3.DDX20の発現低下によりmiRNAの機能不全を生じ、その結果としてNF-κB活性の増強が生じている可能性を考えた。この検討のためNF-κBが恒常的に活性化しているレポーター細胞に肝臓で発現が多い成熟型合成miRNAをリバーストランスフェクションすることで、NF-κB活性に影響を与えるmiRNAをスクリーニングし、NF-κBを抑制するmiRNAとしてmiR-22、miR-140-5p、miR-140-3pを同定した。また、DDX20の発現低下によって特にmiR-140-3pの機能が減弱しNF-κB活性が増強することがわかった。さらに、DDX20で免疫沈降するとmiR-140-3pはmiR-140-5pより多く検出され、DDX20主体のmiRNP複合体への取り込みにおいて、miR-140-3pが優先的に取り込まれ、DDX20はmiR-140-3pに特異的に作用している可能性が示唆された。
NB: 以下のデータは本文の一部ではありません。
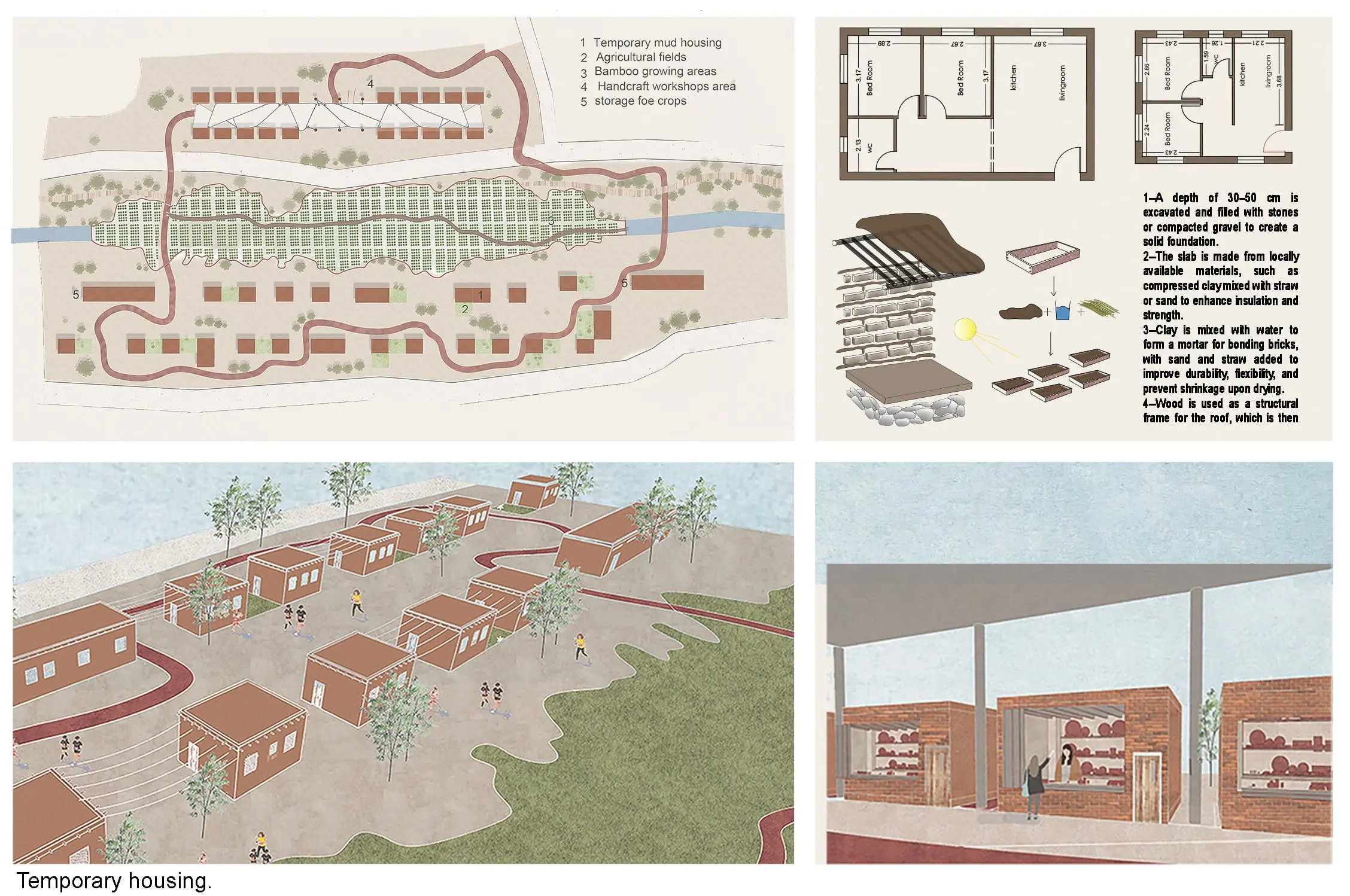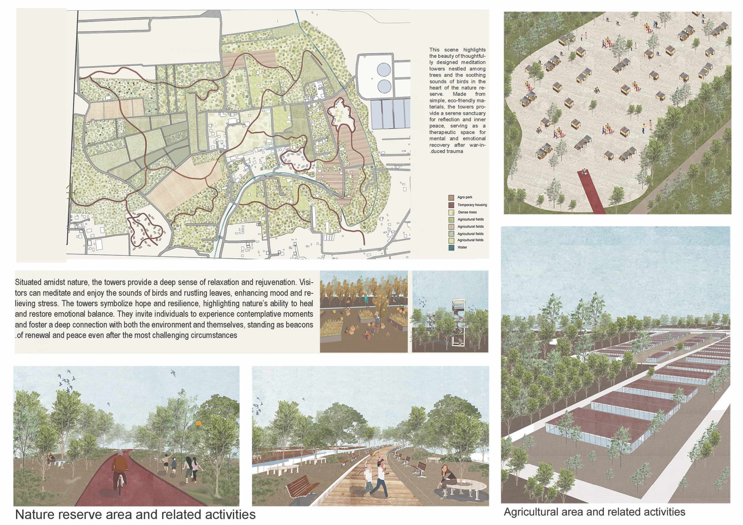 2. Social innovation via temporary agro-housing for displaced families, integrating them into farming, crafts, and rehabilitation workforces, alongside development of public spaces, playgrounds, and cultural hubs.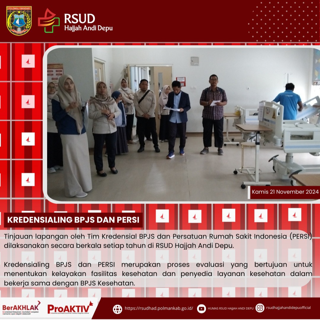 Tinjauan lapangan oleh Tim Kredensial BPJS dan Persatuan Rumah Sakit Indonesia (PERSI) dilaksanakan secara berkala setiap tahun di RSUD Hajjah Andi Depu. Kredensialing BPJS dan PERSI merupakan proses evaluasi yang bertujuan untuk menentukan kelayakan fasilitas kesehatan dan penyedia layanan kesehatan dalam bekerja sama dengan BPJS Kesehatan.Dalam peninjauan lapangan di RSUD Hajjah Andi Depu, Tim Kredensial BPJS dan PERSI melakukan peninjauan terhadap berbagai fasilitas dan layanan yang ada....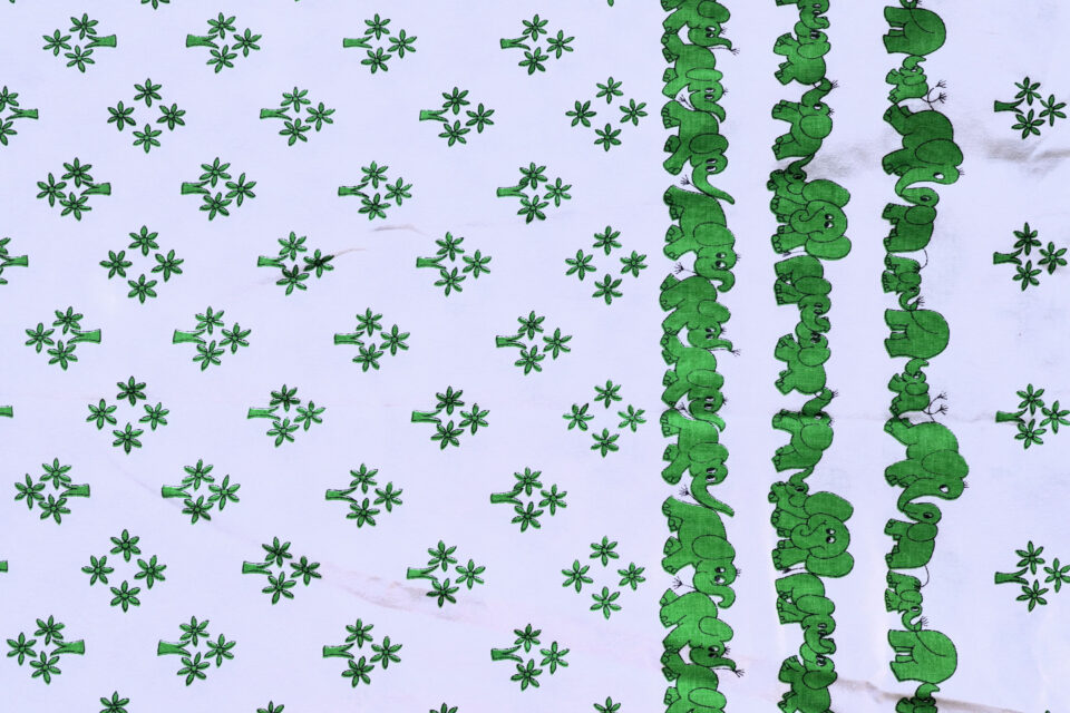 生地の両サイドには愛らしい象たちの群れ、そして真ん中部分には竹林が描かれたグリーンカラーのコットン布はDDRオリジナル生地の中でも特に人気のデザイン。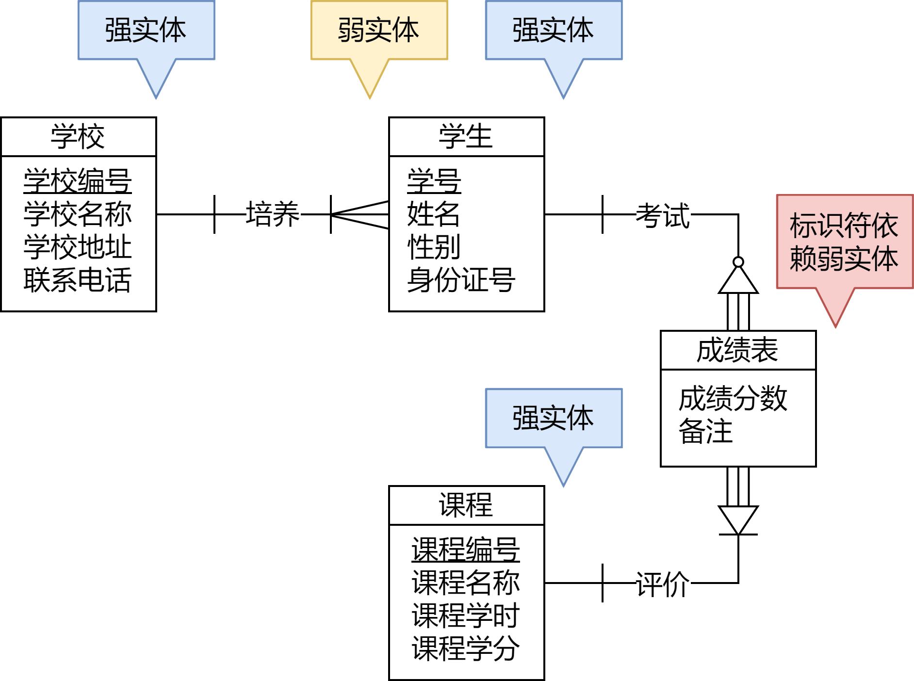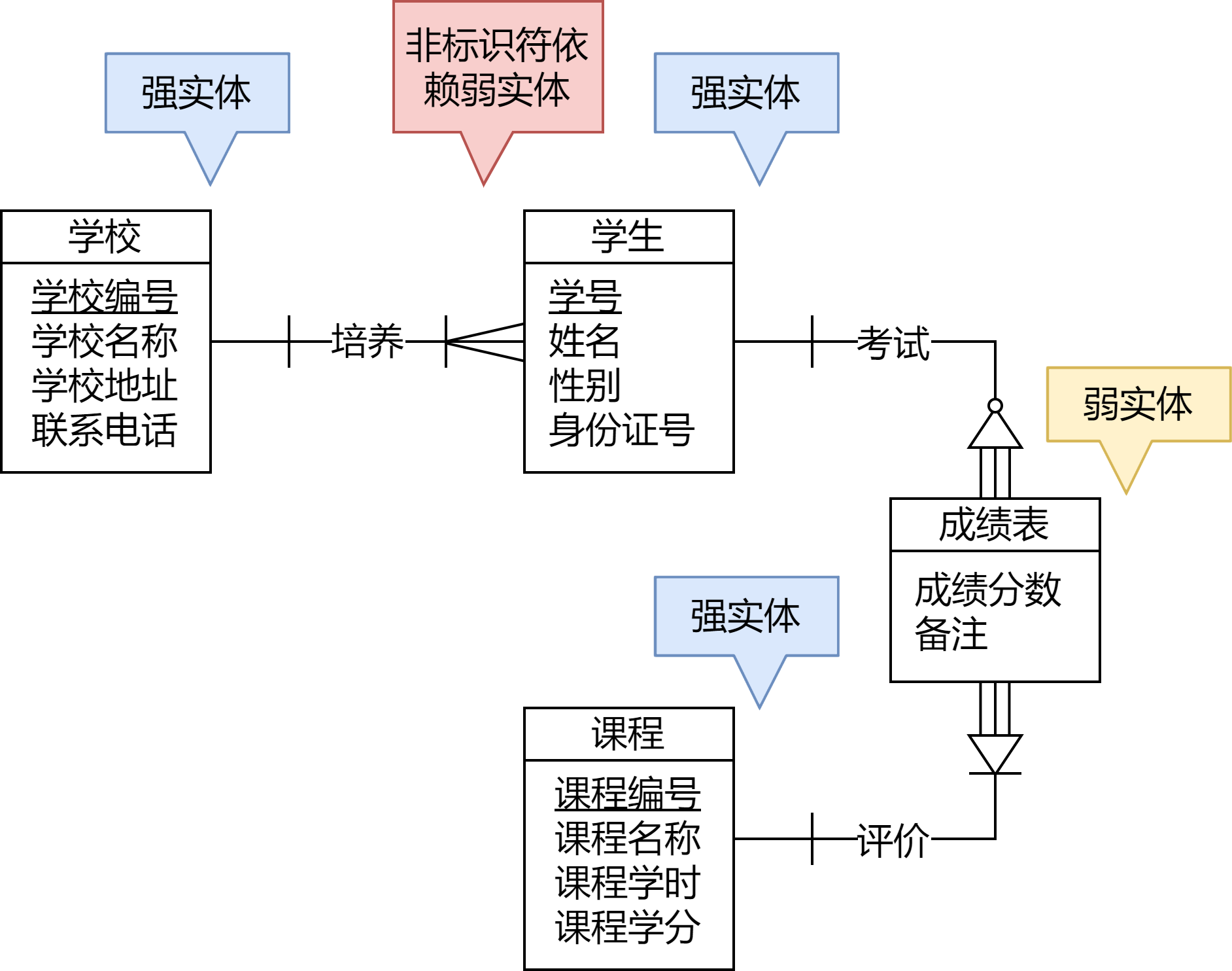 图中没有写出弱实体所包含的强实体的标识符。

4.レポーターアッセイを用いてmiR-140-3pがNF-κBのcoactivatorであるNRIP1を標的としていることを示した。またDDX20ノックダウン細胞では、NRIP1のタンパク質の発現は著明に増加していた。さらに、ヒト肝組織では癌部では非癌部に比べDDX20の発現が低下している一方で、NRIP1のタンパク質の発現は増加していた。一方、NRIP1を過剰発現させるとNF-κBの活性は増強したが、DDX20ノックダウン細胞において、NRIP1をノックダウンするとNF-κBの活性は減弱したことから、DDX20の発現が低下した状態ではNRIP1の発現増加を介してNF-κBの活性増強がもたらされている可能性が示唆された。これまでの実験結果をin vivo で検証したところ、miR-140ノックアウトマウスの肝組織においてNRIP1の発現レベルは増加していた。上記の結果から、少なくともmiR-140の標的遺伝子のひとつとしてNRIP1があることが示唆された。

以上、本論文は肝臓におけるDDX20の発現低下によりmiR-140-3pの機能が減弱し、NF-κB活性が増強することで肝細胞癌の発生・進展に関与している可能性を明らかにした。本研究は他の腫瘍においても、miRNAの発現量の変化だけでなくmiRNPの発現量の低下に伴うmiRNAの異常について検討することが病態生理の解明に必要であることを示唆するものであり、学位の授与に値するものと考えられる。